What a school is able to offer is limited by its income (usually tuition income and perhaps summer programs); more income means more programs, the best teachers and facilities, the ability to respond to opportunities and emergencies, and more financial aid. Sure, a school could charge more to a certain extent, but what it can charge is limited by the usual market forces and the desire of the school to try to have as economically diverse a student body as possible. When everyone participates to the best of their own ability in the fundraising efforts of the school, it gives confidence to the administration to invest in more of what makes the school great, without having to raise tuition to a point that would be unaffordable by many.
In addition, successful fundraising allows the school to grow its “Endowment” (savings account). The size of the Endowment directly impacts the school’s ability to weather economic downturns; without an Endowment, and with a drop in tuition income, a school that doesn’t fundraise must risk its reputation by cutting programs, positions, infrastructure renovations, etc, directly affecting the long term health of the school. So, supporting the school in its fundraising efforts impacts not only the education that it provides today, but in the future.

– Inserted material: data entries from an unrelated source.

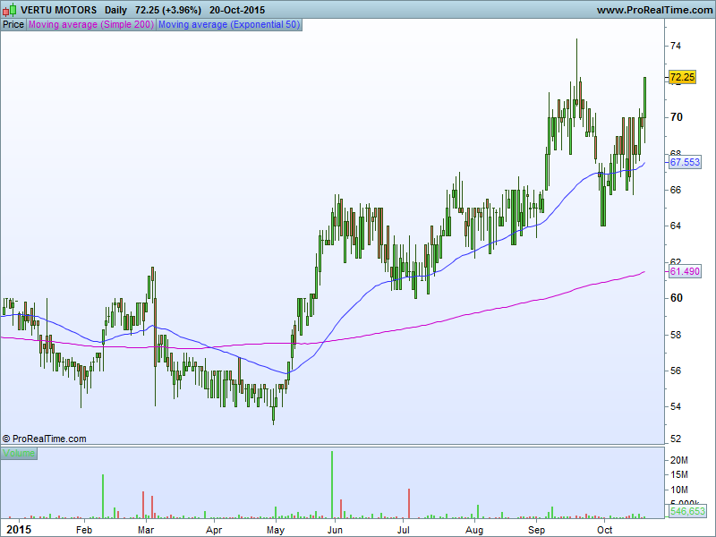 The collaboration with Haymarket does sound interesting and the other peripheral businesses seem to be contributing more to the group. After the period end, a net £17.7M has been spent on acquisitions and capex so the cash levels could be coming under threat but despite falling volumes, profits in the important month of September are head of last year which means trading for the full year is expected to be ahead of analyst predictions which is always good to see. The VW scandal doesn’t seem to have hit sales yet but one would expect it will at some point, but this may be mitigated by increased work in the aftersales division. At 1.8% the dividend yield is not much to write home about but I am sorely tempted to buy in here.
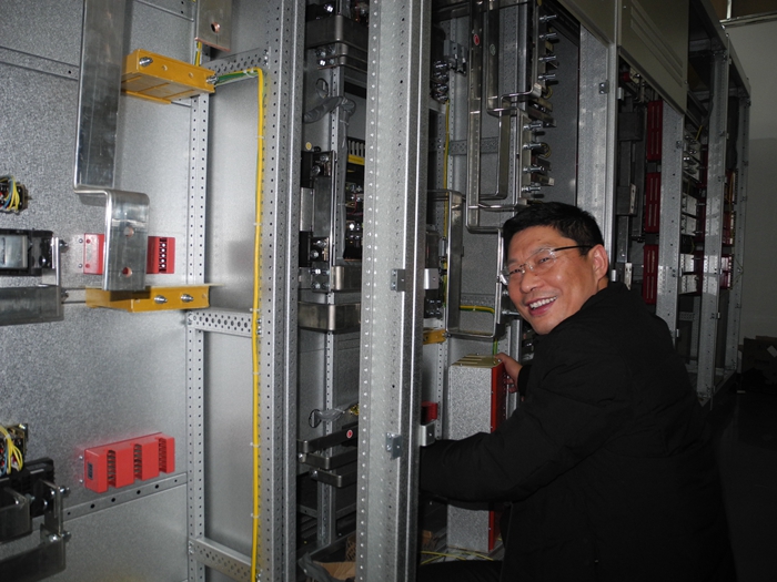 “当年老师教我专业知识,今天我向老师汇报专业成就”——王礼伟向母校的任课老师和班主任介绍他的电柜产品
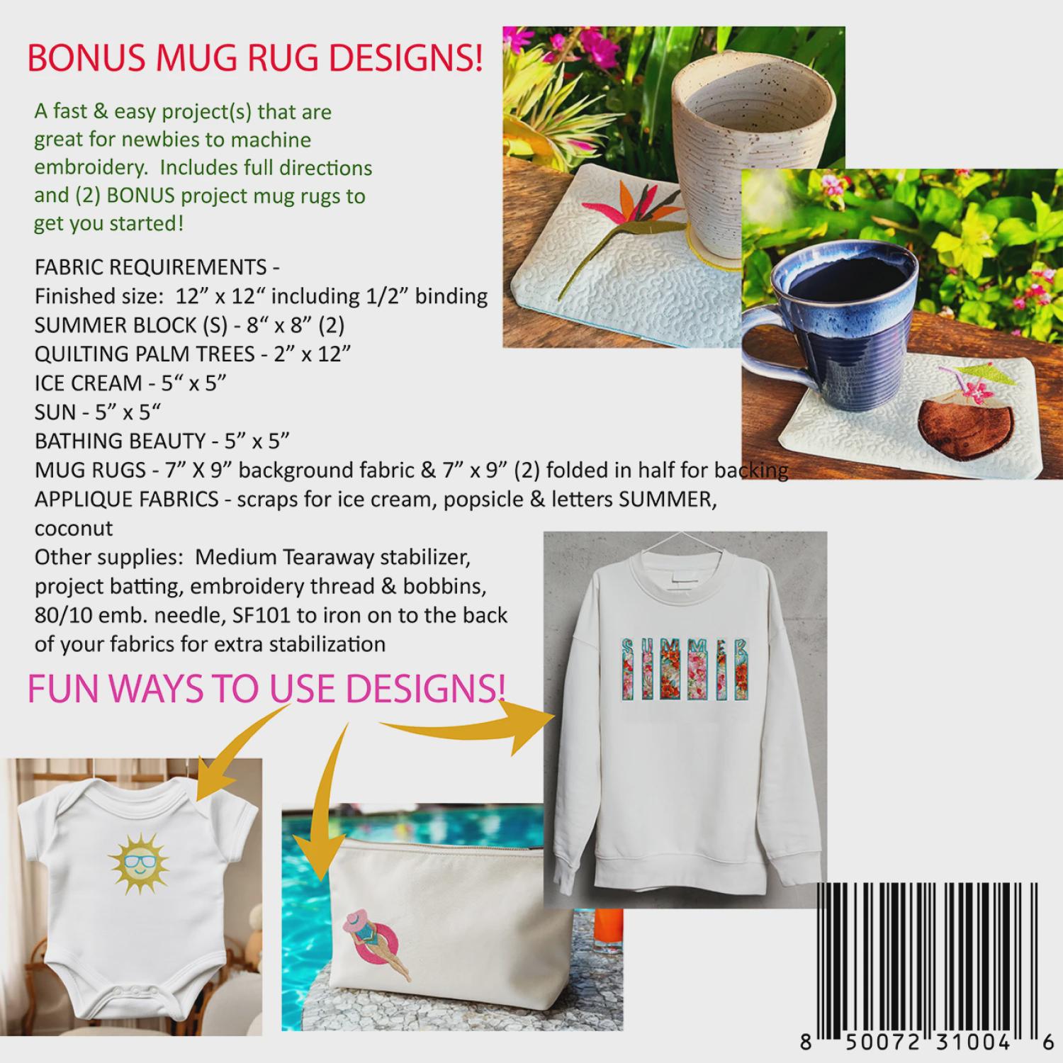 Create fun ways to use the designs: Summer Beach Bags Baby Clothing Accessory Bag Beach Shirt Beach Hat Plus TWO Bonus Mug Rug designs are included for you:) Whether you're looking to brighten a small corner, add a festive touch to your summer gatherings, or simply bring a smile to your face, our "Summer Vibes" mini quilt is the perfect choice.
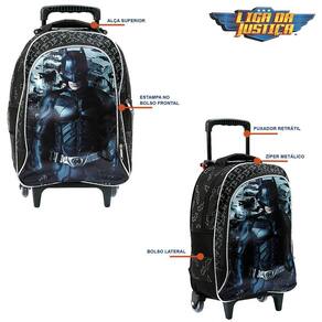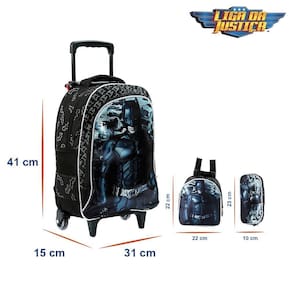 Kit Mochila Escolar Infantil DC Batman Liga da Justiça Com Rodinhas, acompanha lancheira e estojo. Agora você pode levar sua mochila do Batman no seu dia a dia ou acompanhar você na escola. Possui alça de mão reforçada. Sua abertura maior se dá por zíper com puxador. Na parte de dentro possui amplo espaço para a guardar diversos materiais como cadernos, livros e estojos. Na parte da frente, possui bolso com zíper para a guardar pertences de menor tamanho, e bolsos laterais.
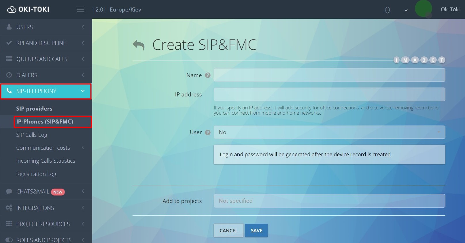 - W sekcji Telefonia SIP -> Telefony IP -> Stwórz;
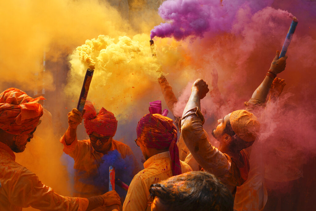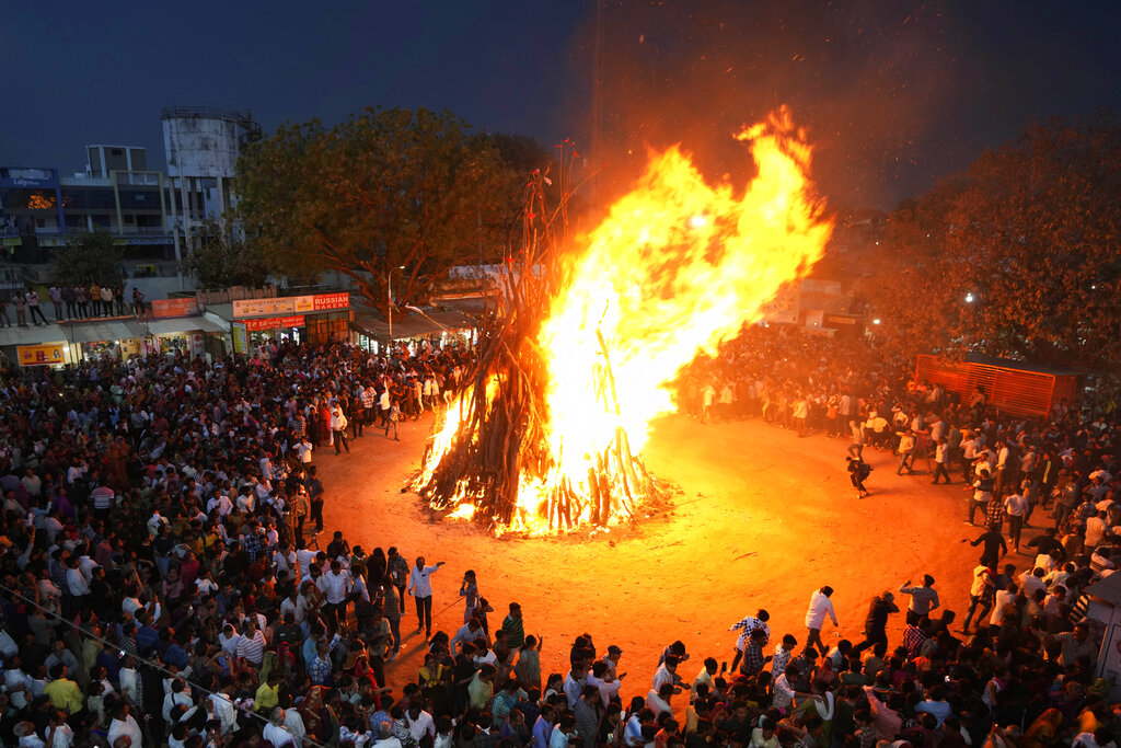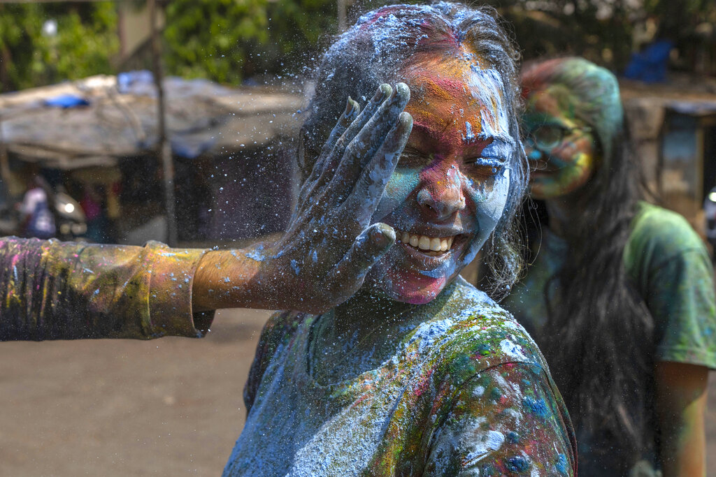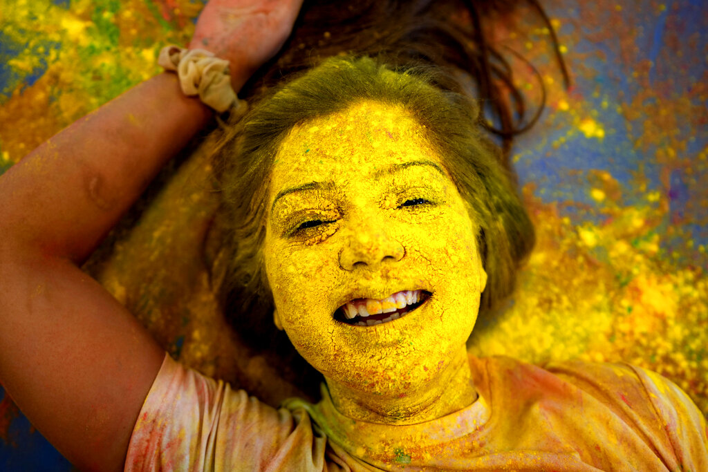 La festa si inaugura la notte prima, il giorno di Jalanewali Holi, con l’accensione di un falò chiamato Holika Dahan, in riferimento appunto alla leggenda. Il giorno dopo, il Rangwali Holi, esplode la festa vera e propria e le persone si riuniscono per giocare con polveri colorate, acqua, canti e balli in un’atmosfera gioiosa e carnevalesca. I colori hanno significati diversi, per esempio il rosso rappresenta amore e fertilità, il verde nuovi inizi mentre il giallo è visto come il colore della felicità e della pace. (AP Photo)
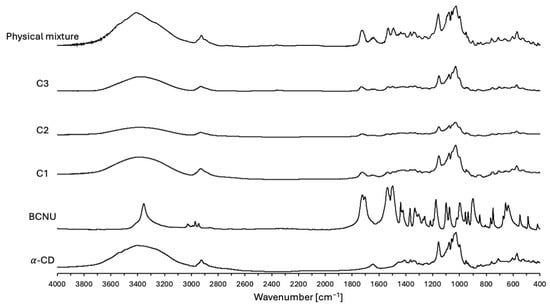 The thermograms of BCNU-α-CD ICs exhibit notable differences that can be linked to their respective preparation techniques. For example, the C2 complex, which was synthesized using a cryogenic method, lacks any identifiable endothermic peaks. A closer analysis of this thermogram reveals two broad peaks at maximum temperatures of 82.4 °C and 194.0 °C, which are similar to those found in pure α-CD, indicating a lack of effective complex formation between the drug and the cyclodextrin. Conversely, the complex obtained through mortar grinding shows a slight peak at a maximum of 87.9 °C and a more significant peak at 173.6 °C, along with an endothermic effect measured at 10.04 J/g. Notably, the thermogram of the BCNU-α-CD IC derived from the co-precipitation method is the most promising, showcasing three endothermic peaks at a maximum of 148.5 °C, 184.9 °C (with an endothermic effect of 23.4 J/g), and a further peak at 189.6 °C. The observed shift in the peak associated with free α-CD, originally at 197.4 °C, to a lower temperature indicates that the disordering of the lattice has occurred, which might be caused by the BCNU-α-CD IC formation []. These results suggested that some of the water molecules bound to α-CD were replaced by BCNU molecules [,,]. The successful incorporation of BCNU into the cavity of α-CD is noteworthy. It is essential to emphasize that the complexes formed did not display a peak indicative of the drug’s Tm. Regrettably, this peak was similarly absent in the thermogram of the physical mixture. Consequently, we opted to validate the formation of the BCNU-α-CD ICs through alternative analytical techniques. In spite of this, the observed changes in thermal effects within the 160–180 °C range for samples C1, C3, and the physical mixture, which relate to the progressive dehydration of α-CD, together with the shifts in enthalpy, may imply the successful formation of ICs. Moreover, the absence of BCNU’s melting peak in the ICs samples acts as compelling proof of the drug’s incorporation into the cavity of α-CD.
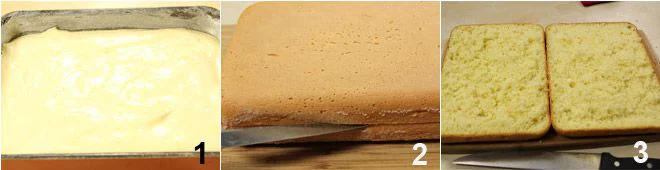To prepare the Italy cake, start with the preparation of the classic sponge cake. Using a hand mixer, a food processor, or a stand mixer, beat the eggs with the sugar for a long time, then add the sifted flour and potato starch. To see detailed preparation steps Sponge cake. Butter and flour a rectangular mold measuring 8 by 10 inches and pour the batter inside 1; bake in a preheated static oven at 350°F for 30-35 minutes. The sponge cake will be ready when it detaches from the edges and when a toothpick inserted into the cake comes out completely dry. Once the sponge cake is cooked, let it cool and remove it from the mold. Cut the sponge cake in half using a long-bladed knife (2-3).
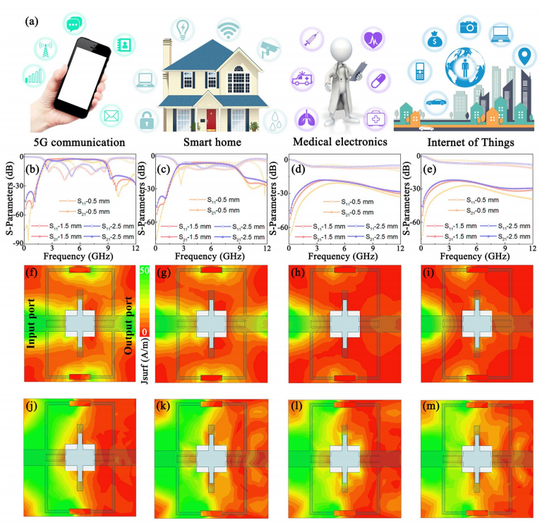 · j-m:阻帶頻率下的表面電流分布,呈現明顯的渦流耗散特征,表明雜化材料通過介電損耗與磁損耗協同實現帶外抑制。
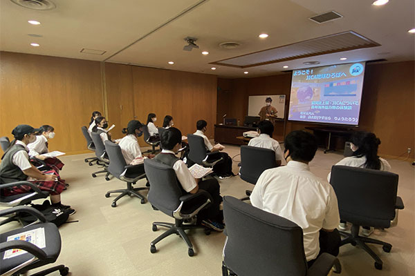 今年の中3は勉強合宿と大学見学、企業見学に行く『キャリアキャンプin東京』へ(写真右/JICA訪問)。
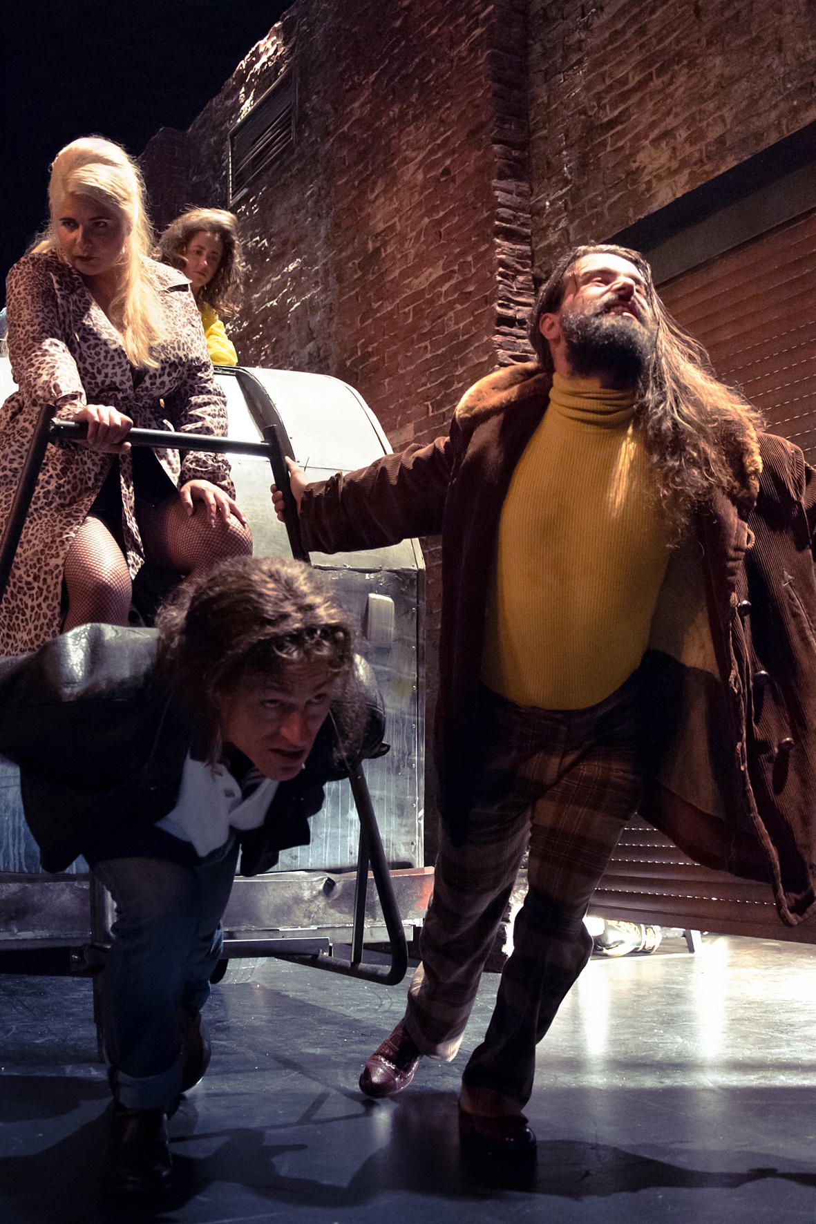 A ses côtés, et participant à mettre en lumière ce personnage, Anthony Sourdeau (Eilif) et Valentin Vanstechelman (Fromage Suisse) font un véritable travail de création de personnages. Posture corporelle, diction, comportements et autres petits tics, tout ce qu’il faut pour les rendre suffisamment louches pour que Mère Courage paraisse finalement plus humaine encore. Et, grande réussite, cela n’entache pas la cohérence de jeu. On retrouve chez presque tous cette étrangeté, cette anomalie, cette laideur qui contribue au caractère épique du théâtre : un cuisinier qui n’a pas une once de honte à rejeter la fille de sa compagne pour s’en sortir, un prédicateur boiteux qui n’hésite pas à renier à sa foi pour survivre, une prostituée qui utilise le malheur d’une amie pour négocier à son avantage, ...Chapeau enfin à Sarah Joseph, dans le rôle de Kattrin, qui transmet, malgré le mutisme de son personnage, des sentiments très forts au public, et à l’état brut : angoisse, colère, déception. De manière tout à fait inattendue, cette absence de parole, bien qu’un défi d’interprétation brillamment relevé, est sans doute ce qui fait de Kattrin un des éléments essentiels auquel, en tant que public, on peut s’identifier : tout le monde a déjà eu la sensation aliénante de n’être pas compris, ou pas écouté. C’est sans doute pour cela que les frissons arrivent lorsqu’elle monte à la fenêtre pour avertir la ville à coup de marteau, et que son rire de folie nous touche si brusquement.
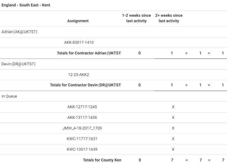 This report displays information about assignments with 1–2 weeks and 2+ weeks of inactivity, by area, adjuster/contractor, and claim reference. Inactive assignments have not been returned to XactAnalysis, cancelled, or rejected. This information helps to make you aware of adjusters/contractors with ageing assignments. Assignments are removed when they are returned, cancelled, or rejected.
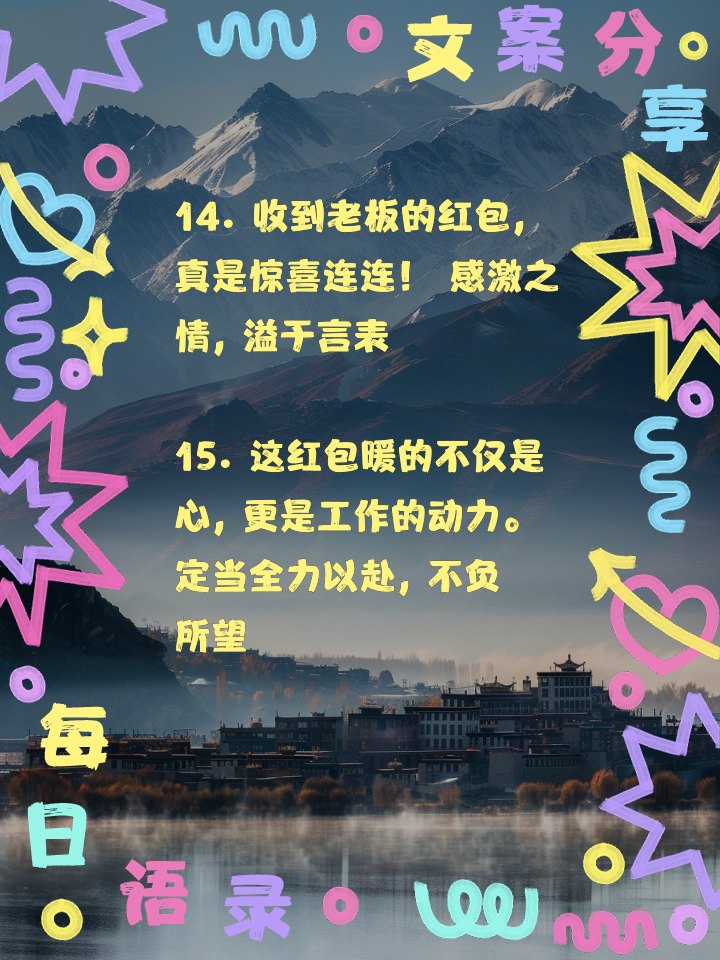 1感谢您发红包的慷慨,这份善意让我倍感温暖2您的红包如同春天的阳光,温暖了我的心房,非常感谢您3收到您的红包,我如同收到了一份特别的祝福,衷心感谢您的关怀4您的红包,是我今天收到的最惊喜的礼物,感谢您的心意5在这个平凡的日子里,您的红包让我感受到了不平凡的温暖;谢谢老板红包的语句如下1谢谢老板,老板大气2老板好手笔,我感觉跟着你是对了3受宠若惊,老板人太好了,我都等不及要回报老板了4感谢老板,老板好人5感谢老板的红包,老板真是体恤民心啊,跟着老板有肉吃6老板是相当阔绰啊,不愧是老板,佩服得五体投地7谢谢老板,我。
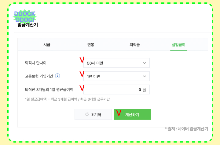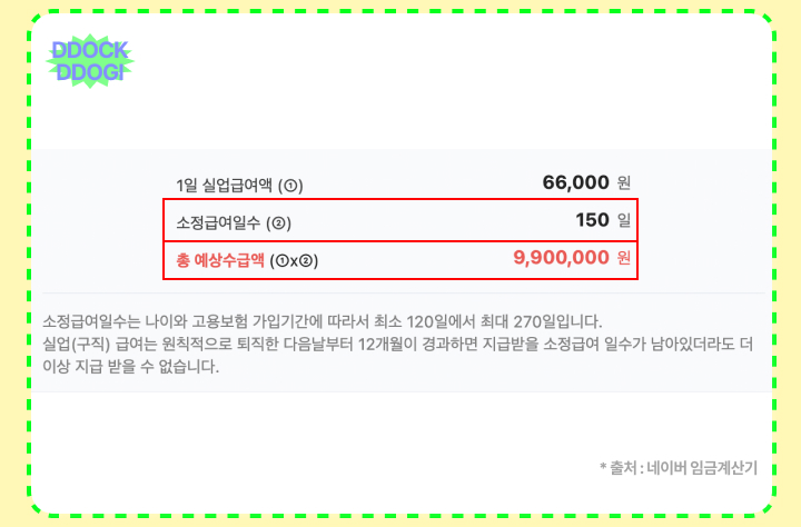 실업급여 모의계산 해보기 귀하의 구직급여일액(1일)은 원이고, 예상 지급일수(소정급여일수)는 일이며, 총 예상 지급액은은 원 (구직급여일액 x 예상 지급일수) 입니다. 계산하기 초기화 구직급

Well, to be brutally honest, the first Harley I ever bought never ran. I was in college and I had great expectations for it, but I had no idea what I was doing and I think I managed to break it more than it already was. Probably just as well that I never tried to ride it, and in the end I gave it away. On the upside, I certainly learned a lot about how to get my hands dirty. Since then, while I’ve rented Harleys, I’ve only ever owned Japanese bikes. Until now, of course; I bought a Harley when I got to Japan and am looking forward to being able to ride it soon.
My favorite bike journey? Well, because you said, “bike,” I’ll switch to bicycles. My first job out of college was working for a Canadian bicycle tour company in France, which is where I met my wife, Tasha. So I’m going to say that bicycling in the Provence in late October is not only beautiful, it evokes beautiful memories, too. And I’m looking forward to creating more of those memories here.